* [TASK REQUIREMENTS]: Could you restate the data below word for word, without its pictures?

* [SUPPLIED MATERIAL]:
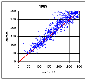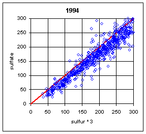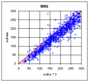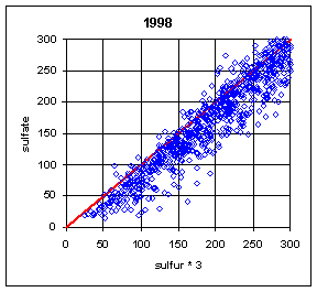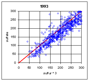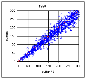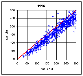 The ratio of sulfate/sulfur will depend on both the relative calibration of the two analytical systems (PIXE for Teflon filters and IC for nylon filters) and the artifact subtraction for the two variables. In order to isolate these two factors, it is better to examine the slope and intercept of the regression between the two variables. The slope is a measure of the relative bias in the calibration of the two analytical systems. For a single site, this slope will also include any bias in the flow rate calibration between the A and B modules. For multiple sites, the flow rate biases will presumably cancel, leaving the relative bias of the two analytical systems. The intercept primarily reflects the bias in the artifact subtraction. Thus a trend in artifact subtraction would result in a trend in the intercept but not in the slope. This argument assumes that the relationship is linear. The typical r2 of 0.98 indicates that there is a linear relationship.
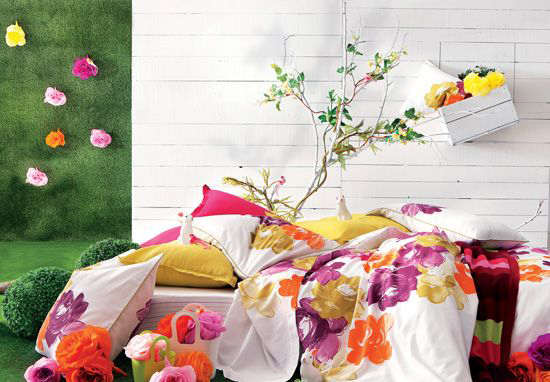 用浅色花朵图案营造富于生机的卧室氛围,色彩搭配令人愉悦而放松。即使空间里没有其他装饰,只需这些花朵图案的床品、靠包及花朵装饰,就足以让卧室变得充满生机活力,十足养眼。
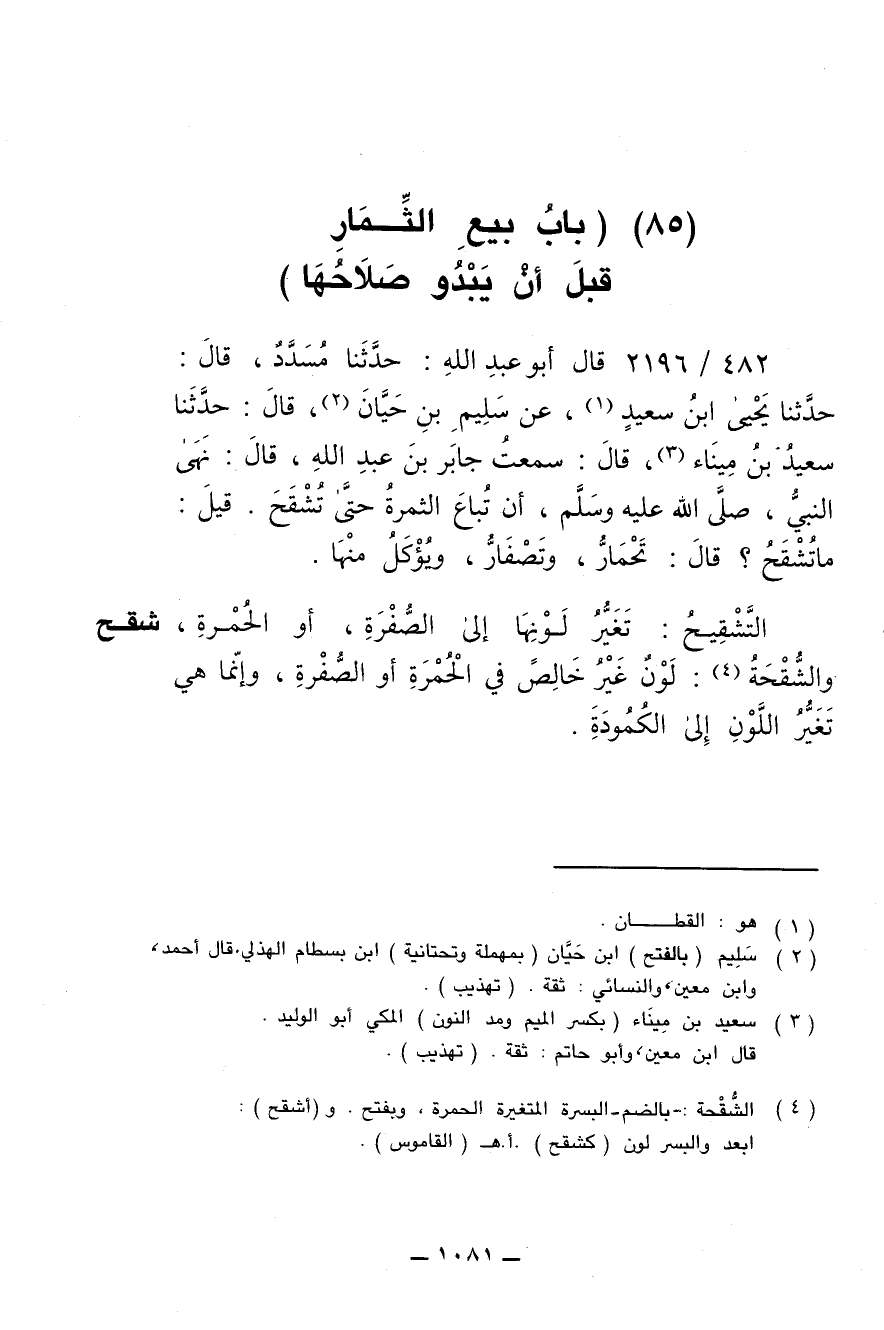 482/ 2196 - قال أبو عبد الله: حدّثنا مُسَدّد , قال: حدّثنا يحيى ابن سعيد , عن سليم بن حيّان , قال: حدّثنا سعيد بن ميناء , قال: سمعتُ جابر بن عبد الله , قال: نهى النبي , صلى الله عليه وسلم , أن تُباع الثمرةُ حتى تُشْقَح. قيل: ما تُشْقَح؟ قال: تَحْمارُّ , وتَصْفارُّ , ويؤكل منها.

* [RESULT FOR THIS EXERCISE]:
 The ratio of sulfate/sulfur will depend on both the relative calibration of the two analytical systems (PIXE for Teflon filters and IC for nylon filters) and the artifact subtraction for the two variables. In order to isolate these two factors, it is better to examine the slope and intercept of the regression between the two variables. The slope is a measure of the relative bias in the calibration of the two analytical systems. For a single site, this slope will also include any bias in the flow rate calibration between the A and B modules. For multiple sites, the flow rate biases will presumably cancel, leaving the relative bias of the two analytical systems. The intercept primarily reflects the bias in the artifact subtraction. Thus a trend in artifact subtraction would result in a trend in the intercept but not in the slope. This argument assumes that the relationship is linear. The typical r2 of 0.98 indicates that there is a linear relationship.
 用浅色花朵图案营造富于生机的卧室氛围,色彩搭配令人愉悦而放松。即使空间里没有其他装饰,只需这些花朵图案的床品、靠包及花朵装饰,就足以让卧室变得充满生机活力,十足养眼。
 482/ 2196 - قال أبو عبد الله: حدّثنا مُسَدّد , قال: حدّثنا يحيى ابن سعيد , عن سليم بن حيّان , قال: حدّثنا سعيد بن ميناء , قال: سمعتُ جابر بن عبد الله , قال: نهى النبي , صلى الله عليه وسلم , أن تُباع الثمرةُ حتى تُشْقَح. قيل: ما تُشْقَح؟ قال: تَحْمارُّ , وتَصْفارُّ , ويؤكل منها.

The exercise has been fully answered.